Substantial shareholders are usually directors, individual investors, institutional investors… or their distant (and not-so-distant) relatives, which they will refer to as listed related bodies corporate or something similar. You can see in detail these listed bodies on the company’s ASX announcement.

Shareholders are required to publicly declare via the exchange when their personal stake goes below or above 5%, and from there, every movement in their holdings while owning above 5%.

Those becoming and those ceasing to be substantial shareholders are the ones we think are worth noting, where a trade takes an investor over the 5% threshold or has them drop back below.

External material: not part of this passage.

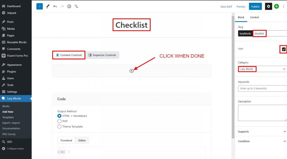 1. Enter “Checklist” for the Block Name at the top of the editor.

Here’s the form to get you started, if reading this makes you twitchy.

 

February market overview

There was little joy for investors in February with the ASX slumping after strong gains in January. According to S&P Dow Jones Indices (S&P DJI) latest report the S&P/ASX 200 dropped 2.5% in February, reducing YTD gains to 3.6%.

Mid and small caps lagged their blue-chip peers in February. The S&P/ASX MidCap 50 lost 3.2%, the S&P/ASX Small Ordinaries fell 3.7%.

February also coincided with reporting on the ASX. Datt Capital chief investment officer Emanuel Datt noted whether Australia experiences a recession or not, the message from reporting season was one of unevenness in opportunities and obstacles to performance going forward.

“Labour shortages, inflation and an increasing cost of capital are three of the most visible take aways from the current crop of company postings,” he said.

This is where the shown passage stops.